───── Materials provided ─────

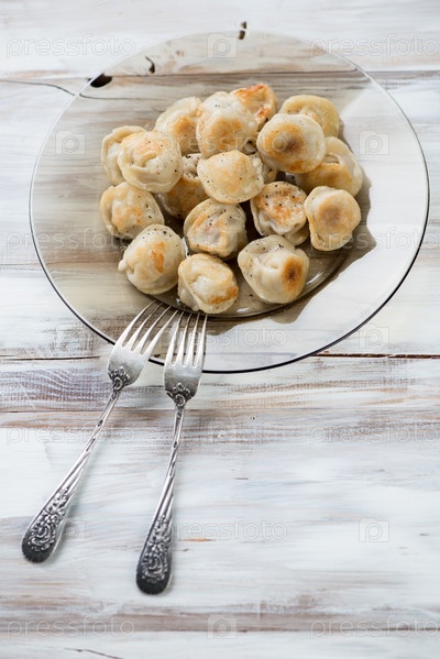 Тарелка с обжаренными пельменями
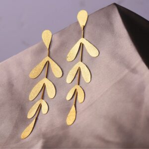 Make a bold yet refined statement with these earrings, designed to captivate, each intricately crafted leaf exudes sophistication and adds a touch of nature’s grace to your look. The cascading design creates striking movement, catching the light beautifully with every turn. Perfect for those who seek a balance of elegance and drama, these earrings are a must-have for adding a touch of effortless glamour to any ensemble.
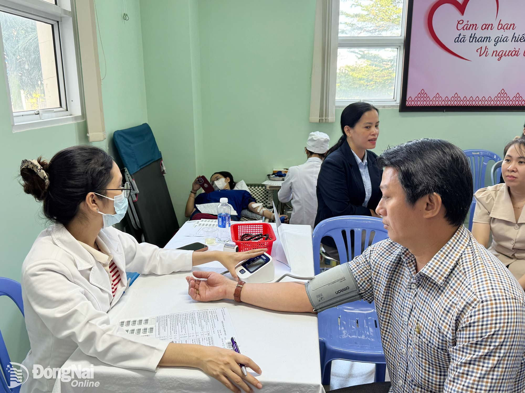| 医療スタッフが献血前にボランティアの血圧を測定する。写真:ハン・ドゥン |
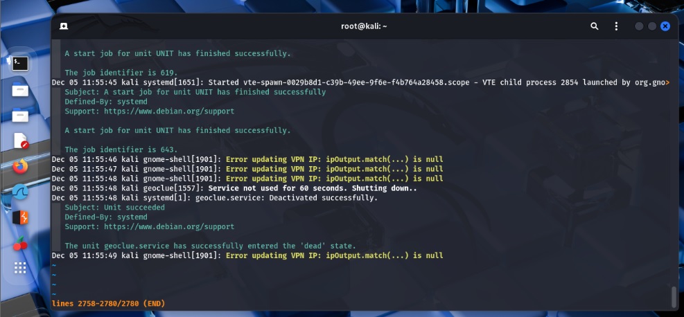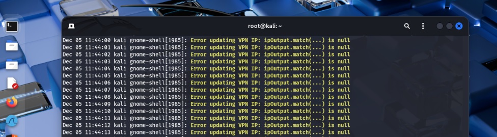 | Summary | 0009421: kali gnome-shell[1901]: Error updating VPN IP: ipOutput.match(...) is null | ||||
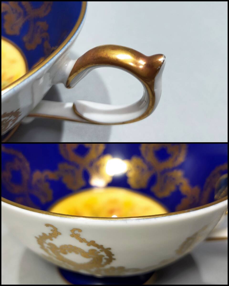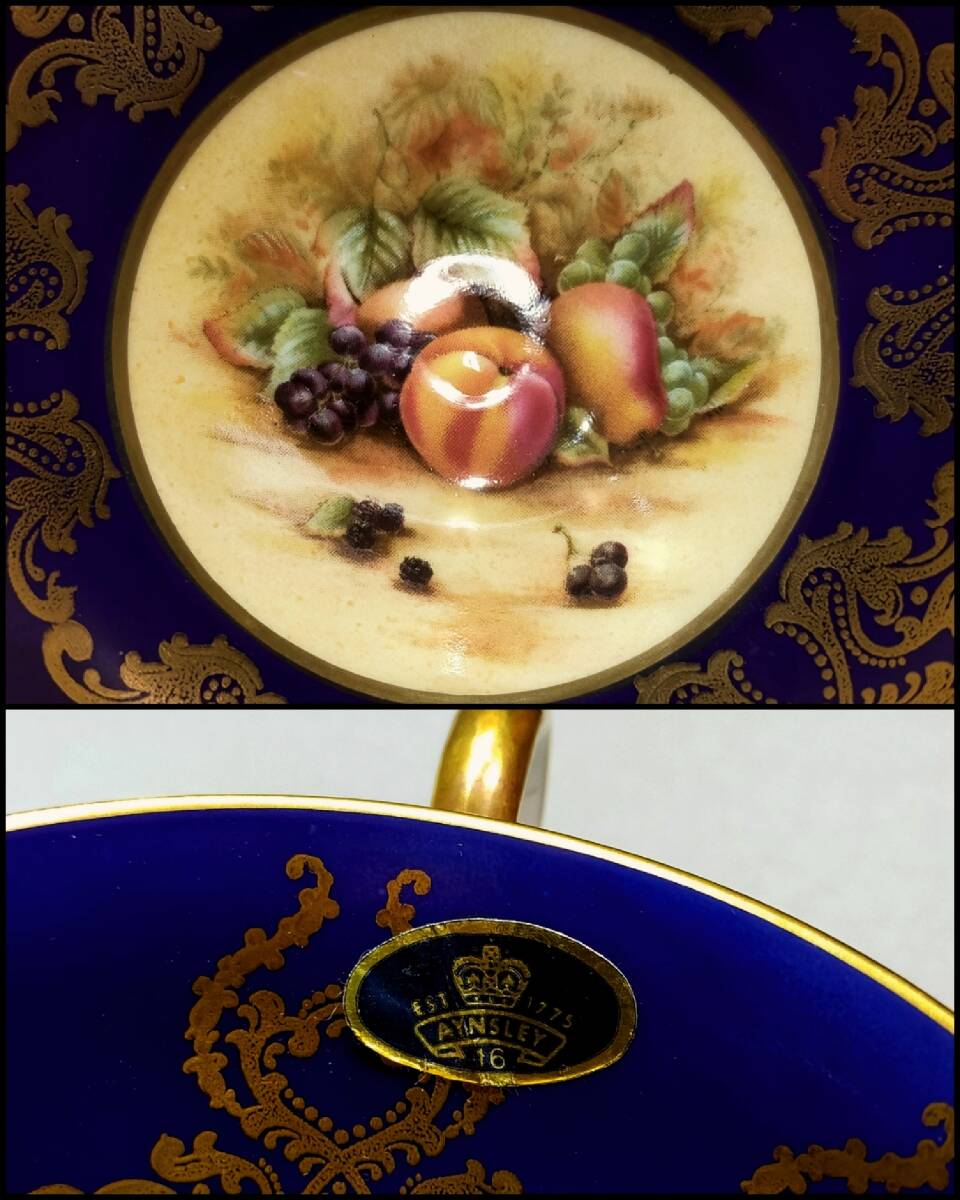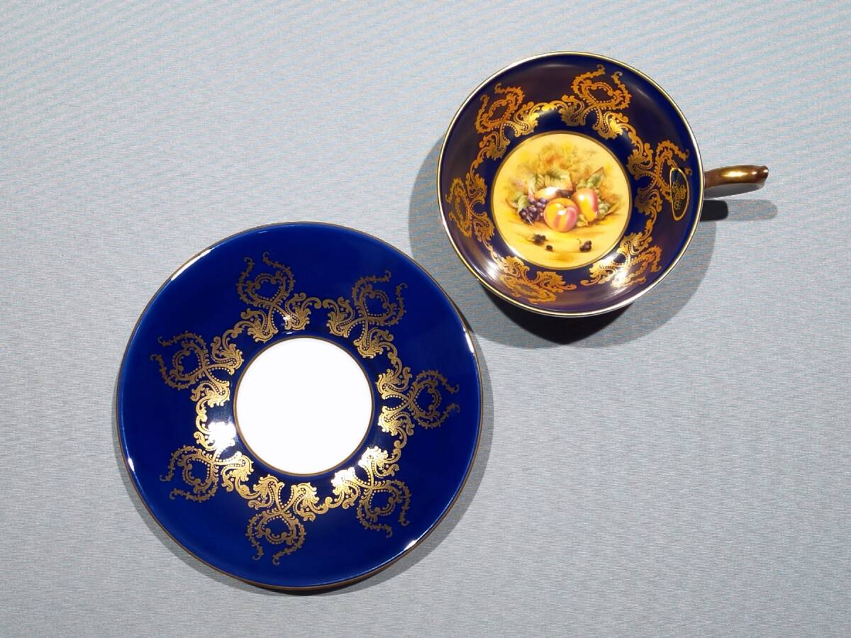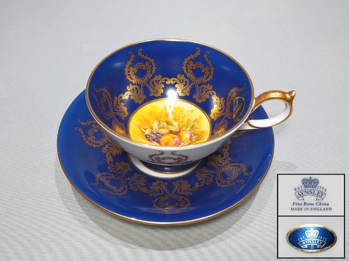 美品 ティー カップ&ソーサー AYNSLEY エインズレイ オーチャードゴールド 金彩 フルーツ コバルトブルー
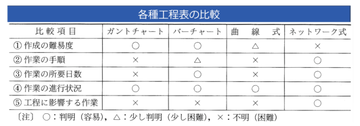 なお、これら5種類の工程表について、作成難易度や手順などを比較すると、下表のようになります(*グラフ式と工程管理曲線を、まとめて「曲線式」として記載)。
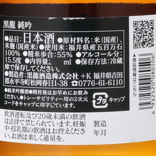 厳選した福井県産五百万石を贅沢に仕込み米本来の旨みを引き出しました。太くどっしりとした重心の低い香りがストレートに感じられ、とろみすら感じる粘性を帯びたボディーは躍動感と瑞々しさを伴っており、豊かでバランスが良い印象です。強さとほのかな苦味の引き締まりが後半に旨味を残します。蔵紹介
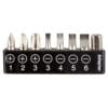Contiene desarmador con 16 puntas y 8 dados diferentes e intercambiables. Incluye estuche.
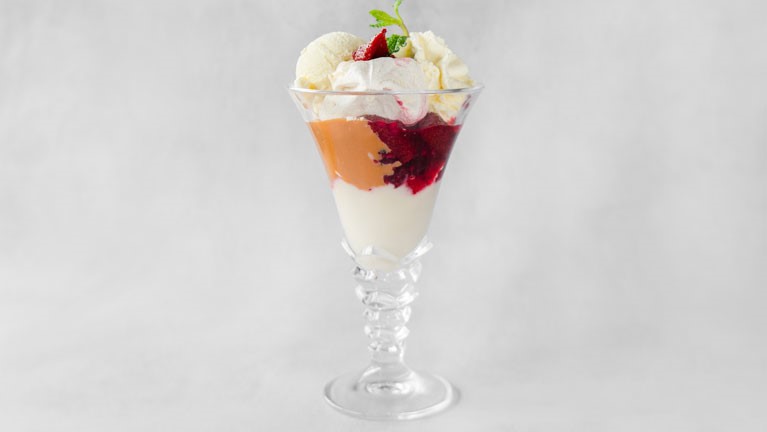 Helado de Vainilla con salsa de arequipe, frutos del bosque, merengue, copos de guanábana y crema chantilly.
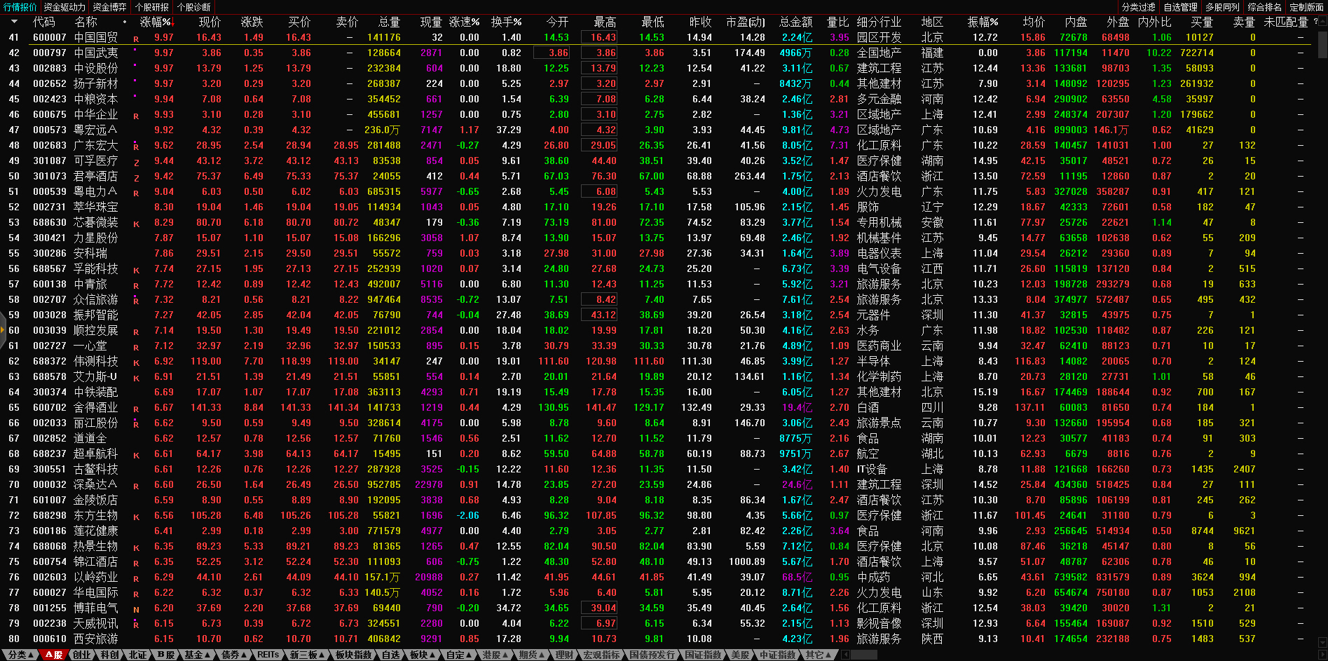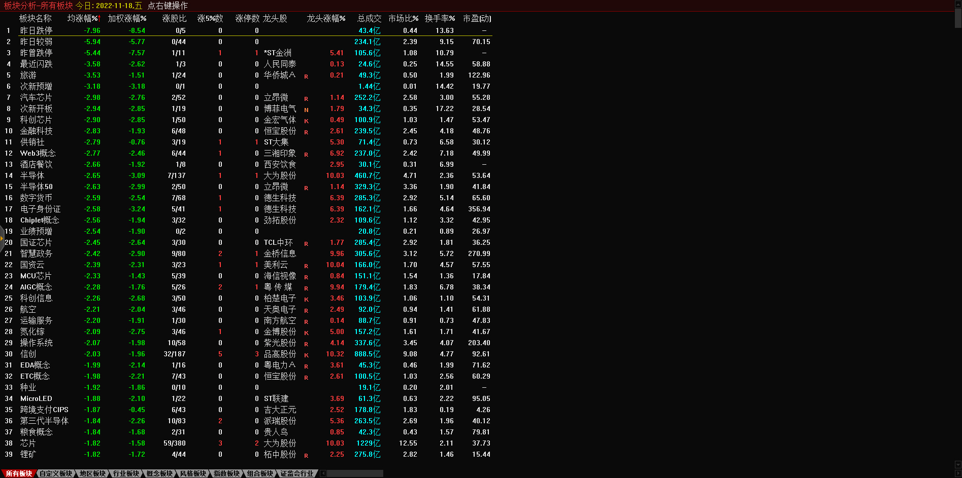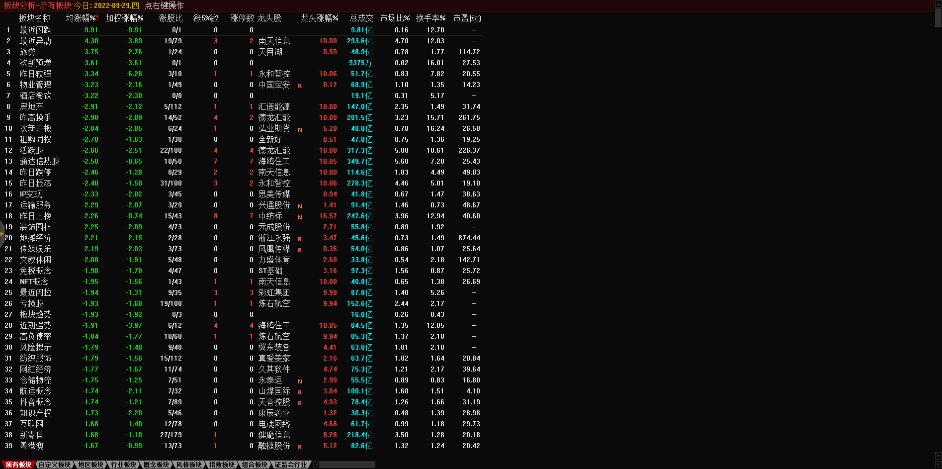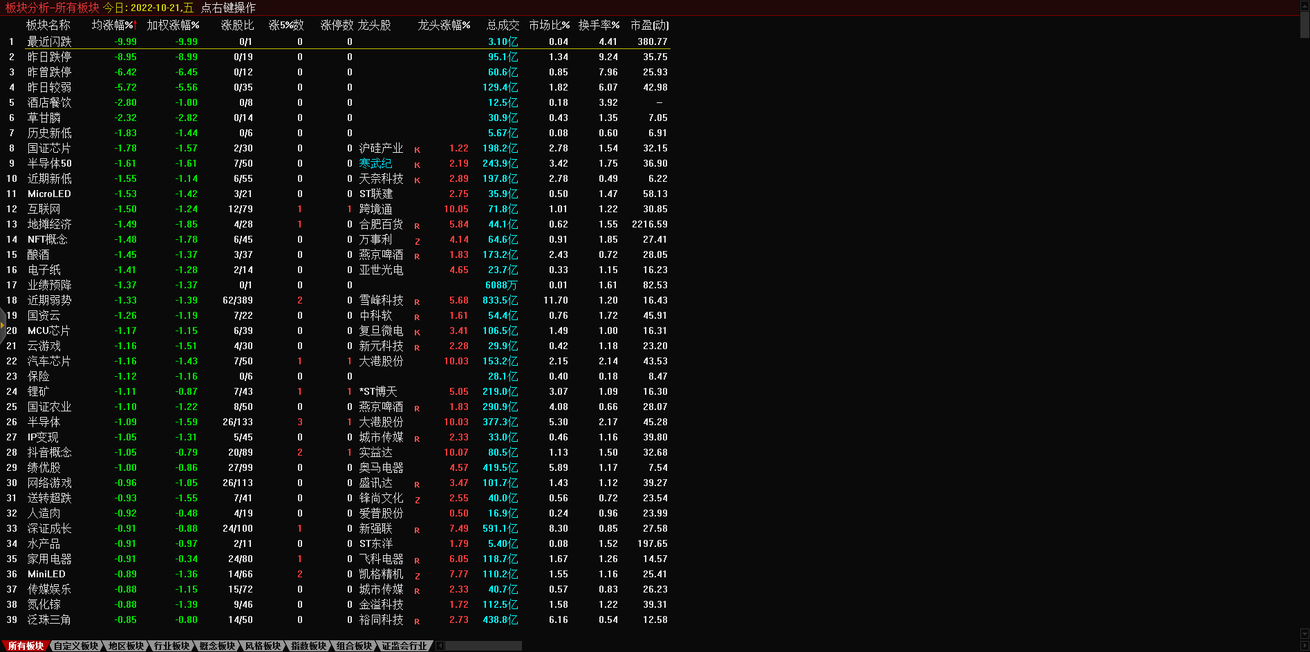 13:17 房地产开发板块持续走低,深振业A午后封跌停板,深深房A此前跌停,中国武夷(000797)、沙河股份(000014)、南国置业(002305)、南山控股(002314)等跌超6%。

─────

§ About this exercise: Your copy should consist solely of the lines from the line containing "is null | ||||" through the last line of the records above, reproduced exactly, with the pictures left out.

§ Solution below:
 | Summary | 0009421: kali gnome-shell[1901]: Error updating VPN IP: ipOutput.match(...) is null | ||||
 美品 ティー カップ&ソーサー AYNSLEY エインズレイ オーチャードゴールド 金彩 フルーツ コバルトブルー
 なお、これら5種類の工程表について、作成難易度や手順などを比較すると、下表のようになります(*グラフ式と工程管理曲線を、まとめて「曲線式」として記載)。
 厳選した福井県産五百万石を贅沢に仕込み米本来の旨みを引き出しました。太くどっしりとした重心の低い香りがストレートに感じられ、とろみすら感じる粘性を帯びたボディーは躍動感と瑞々しさを伴っており、豊かでバランスが良い印象です。強さとほのかな苦味の引き締まりが後半に旨味を残します。蔵紹介
Contiene desarmador con 16 puntas y 8 dados diferentes e intercambiables. Incluye estuche.
 Helado de Vainilla con salsa de arequipe, frutos del bosque, merengue, copos de guanábana y crema chantilly.
 13:17 房地产开发板块持续走低,深振业A午后封跌停板,深深房A此前跌停,中国武夷(000797)、沙河股份(000014)、南国置业(002305)、南山控股(002314)等跌超6%。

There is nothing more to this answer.